Wat hier hangt, leeft. De verf is geen sluier, maar een huid die denkt, voelt en reageert. Elke penseelstreek getuigt tegelijk van een beslissing en een aarzeling. Van een nieuwe en betere start. Wie door de ruimte loopt, merkt dat elk doek zijn eigen ademhaling heeft. Geen enkel beeld pretendeert de waarheid in pacht te hebben. Elk schilderij stelt een vraag. En precies daarin schuilt de kracht van deze tentoonstelling: ze herinnert ons eraan dat schilderkunst niet alleen een vorm van representatie is, maar ook van aanwezigheid.
De huid van het zien
Geen van de vijf kunstenaars zoekt de illusie, elk van hen onderzoekt wat er gebeurt wanneer de verf zichzelf toont. Wat betekent het om te schilderen in een tijd waarin het beeld alomtegenwoordig is, en elke vorm van betekenis lijkt uitgeput? Het antwoord ligt niet in de voorstelling, maar in het zichtbaar maken van de handeling.

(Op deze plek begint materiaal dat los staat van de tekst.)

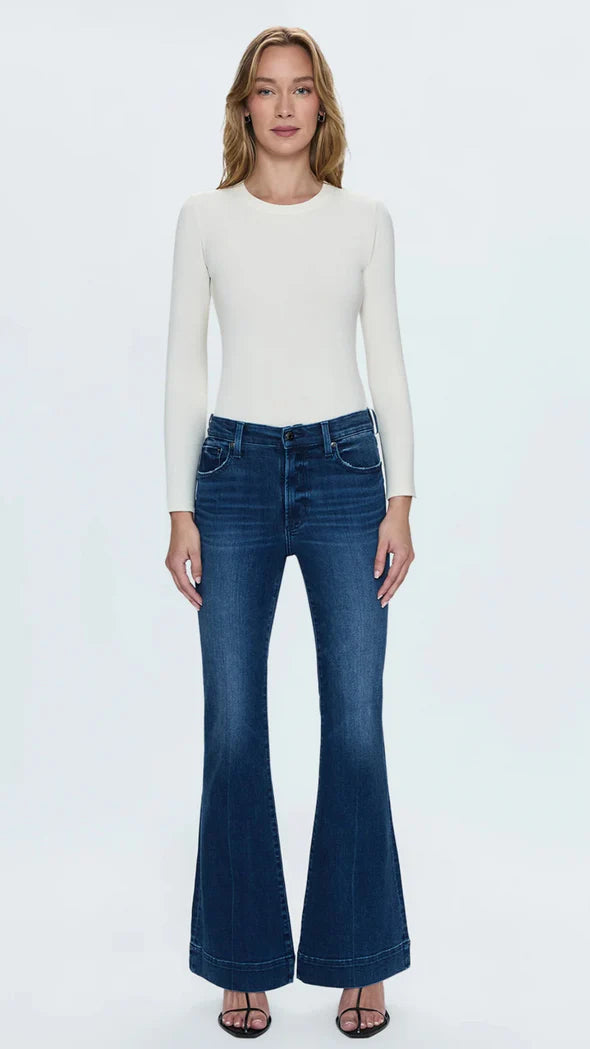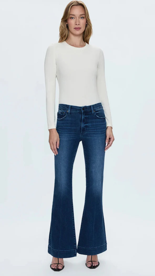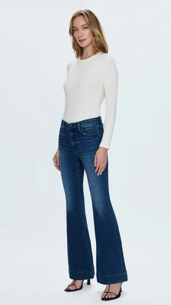 Lexi Mid Rise Bowed Straight Jean - Silver Screen

Svelte Thys opent dit gesprek met een reeks doeken die ontstaan zijn uit wandelingen door tuinen en landschappen. Niet de natuur zelf, maar haar echo’s vormen de kern van haar werk. Ze schildert niet om vast te leggen, maar om te herinneren. De verf sluimert, beweegt, lijkt te ademen met het licht. Wat zichtbaar is, blijft half verhuld, alsof het beeld weigert zichzelf prijs te geven. In die weigerachtigheid schuilt de schoonheid van haar schilderijen: ze tonen de ruimte tussen herinnering en verschijning, tussen aanraking en afstand.
Bij Lode Laperre krijgt het oppervlak een andere intensiteit. Laag na laag bouwt hij zijn werk op. Zijn doeken lijken gevormd door erosie, als aardlagen waarin pigment en tijd zich opstapelen. De verf scheurt, verhardt, breekt open en onthult haar eigen geologische logica. Lambrecht omschrijft Laperres werk als nomadisch, en dat klopt: zijn schilderkunst reist. Ze neemt sporen op uit andere culturen, andere tijden, en keert telkens terug naar de vraag wat een oppervlak kan bewaren. Het doek is bij hem geen drager van illusie, maar een terrein van sediment en geheugen. Elke laag draagt de echo van een vorige, zoals een landschap dat zijn eigen geschiedenis in zich meedraagt.

Sporen van beweging
Daniel Mattar verkent het raakvlak tussen technologie en schilderkunst. Hij vertrekt vanuit fotografie, maar niet als reproductie. Zijn beelden zijn macro-opnamen van pigment, druppels, vezels, soms van banale voorwerpen: verpakkingen, cartridges, oude foto’s. Vervolgens blaast hij die fragmenten op tot monumentale beelden waarin het microscopische een nieuwe schaal krijgt. De verf wordt niet alleen zichtbaar, ze wordt voelbaar. Wat zijn camera registreert, is de materiële adem van het schilderij zelf. In zijn werk verdwijnt de grens tussen mens en machine: het kijken wordt een technologische ervaring die tegelijk zintuiglijk blijft.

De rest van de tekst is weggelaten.